Span Volume Estimation
Source Traffic Analysis
Infrastructure Assumptions:
- Microservices: 2,000 services in production
- Average requests per service: 500 req/sec
- Total system requests: 1,000,000 req/sec (with fan-out)
- Average spans per request: 8-12 (depth of call chain)
- Peak multiplier: 3x during traffic spikes
Span Generation Rate:
- Steady state: 1,000,000 req/sec × 10 spans/req = 10M spans/sec generated
- Peak: 30M spans/sec generated
- Daily total: 10M × 86,400 = 864 billion spans/day generatedSpan Size Breakdown
Minimal Span (structured binary, e.g., Thrift/Protobuf):
- trace_id: 16 bytes (128-bit)
- span_id: 8 bytes (64-bit)
- parent_span_id: 8 bytes
- operation_name: 50 bytes average
- service_name: 30 bytes average
- start_time: 8 bytes (epoch microseconds)
- duration: 8 bytes (microseconds)
- status/flags: 4 bytes
- Subtotal: ~132 bytes
Tags (key-value pairs, average 5 per span):
- http.method: 10 bytes
- http.status_code: 8 bytes
- http.url: 100 bytes
- peer.service: 30 bytes
- component: 20 bytes
- Subtotal: ~170 bytes
Logs/Events (average 1-2 per span):
- timestamp: 8 bytes
- event message: 100 bytes
- Subtotal: ~120 bytes
Process/Resource Info:
- hostname: 30 bytes
- ip: 15 bytes
- version: 20 bytes
- Subtotal: ~65 bytes
Total per span (binary): ~500 bytes
Total per span (JSON wire format): ~1.2 KB
Total per span (with request/response bodies): ~5 KB (when enabled)Trace Volume and Structure
Trace Characteristics
Trace Composition:
- Average spans per trace: 10
- Median spans per trace: 6
- P99 spans per trace: 50 (complex workflows)
- P99.9 spans per trace: 200+ (batch operations)

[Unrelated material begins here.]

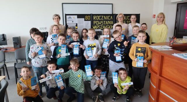 W 2023 r. przypada 80 rocznica wybuchu powstania w getcie warszawskim. 19 kwietnia rozdawaliśmy w mieście i instytucjach papierowe żonkile, a dzień później zaprosiliśmy do biblioteki uczniów z klasy 1a ze Szkoły Podstawowej nr 3 im. Adama Mickiewicza w Słupcy.

- Maximum trace depth: 15-20 levels
- Maximum trace width (fan-out): 100+ parallel spans
Trace Duration Distribution:
- P50: 50ms
- P90: 200ms
- P95: 500ms
- P99: 2,000ms
- P99.9: 10,000ms (long-running operations)
Trace Volume:
- Total traces/sec: 1,000,000 (one trace per user request)
- After head-based sampling (1%): 10,000 traces/sec stored
- After tail-based sampling (error + slow): 15,000 traces/sec storedTrace Assembly Complexity
Span Arrival Patterns:
- Spans from a single trace arrive over 0-30 second window
- Out-of-order arrival is common (network delays)
- Late spans (>60 seconds) occur for async operations
- Orphan spans (missing parent): ~0.1% of all spans
Assembly Requirements:
- Buffer window: 60 seconds for trace completion
- Memory per in-flight trace: ~5 KB (10 spans × 500 bytes)
- Concurrent in-flight traces: 60 sec × 10,000 traces/sec = 600,000
- Memory for assembly buffer: 600,000 × 5 KB = 3 GBStorage Requirements
Raw Span Storage
With 1% Head-Based Sampling:
- Stored spans/sec: 100,000
- Span size (compressed): 200 bytes (2.5:1 compression ratio)
- Write throughput: 100,000 × 200 bytes = 20 MB/sec
- Daily storage: 20 MB/sec × 86,400 = 1.7 TB/day
- Monthly storage: 1.7 TB × 30 = 51 TB/month
With Tail-Based Sampling (keeps errors + slow + 0.5% random):
- Stored spans/sec: 150,000
- Daily storage: 2.6 TB/day
- Monthly storage: 78 TB/month
Replication (3x for durability):
- Effective monthly storage: 51-78 TB × 3 = 153-234 TB/monthIndex Storage
Primary Indexes:
- Service + time index: ~10% of raw data = 5-8 TB/month
- Operation + time index: ~8% of raw data = 4-6 TB/month
- Duration index: ~5% of raw data = 2.5-4 TB/month
- Tag indexes (selective): ~15% of raw data = 8-12 TB/month
- Total index overhead: ~38% of raw data
Secondary Indexes:
- Full-text search (Elasticsearch): 2x raw data size
- Service dependency graph: ~100 MB (aggregated)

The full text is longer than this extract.